Keterlibatan Guessoum dalam dunia akademik juga
dibuktikan dengan banyak karyanya yang dimuat dalam berbagai
jurnal ilmiah internasional. Hal yang menarik yaitu ia tidak
hanya menulis dan mengembangkan spesialisasi keilmuannya tapi
juga memiliki perhatian dan menulis terkait dengan relasi sains
dan agama dalam perspektif filosofis. Perhatian dan
ketertarikannya terhadap sains di dunia Islam tentu saja tidak
terlepas dari dinamika intelektual dan fondasi epistemologi
sebagai pandangan dunia (world view) yang ia miliki.

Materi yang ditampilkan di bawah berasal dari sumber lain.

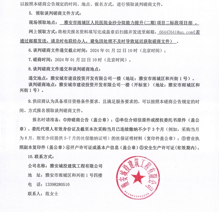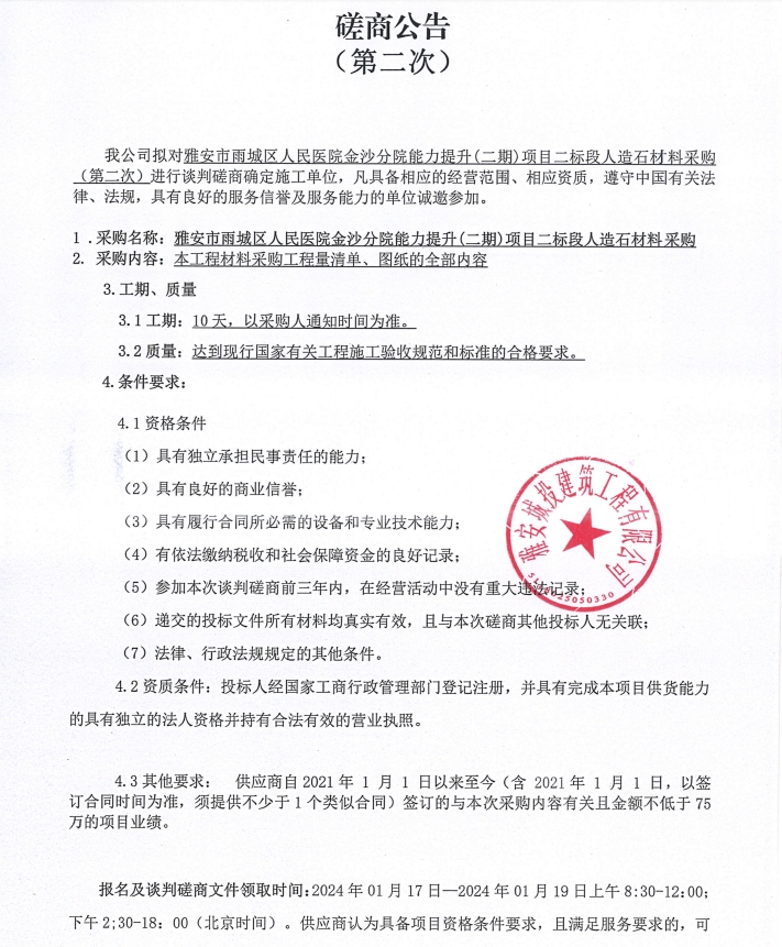 雅安市雨城區(qū)人民醫(yī)院金沙分院能力提升(二期)項目二標段人造石材料(第二次)采購談判磋商公告

Dari berbagai dinamika intelektual Guessoum, ia pantas
dijadikan sebagai salah satu referensi tentang perdebatan relasi
sains dan agama dalam Islam karena keterlibatannya tidak hanya
secara teoretis tapi juga praktis.
Guessoum seperti yang ia jelaskan sendiri tumbuh dan
berkembang di tengah lingkungan sosio kultural yang sangat ketat
dalam menjalankan ajaran Islam serta sangat menghargai ilmu.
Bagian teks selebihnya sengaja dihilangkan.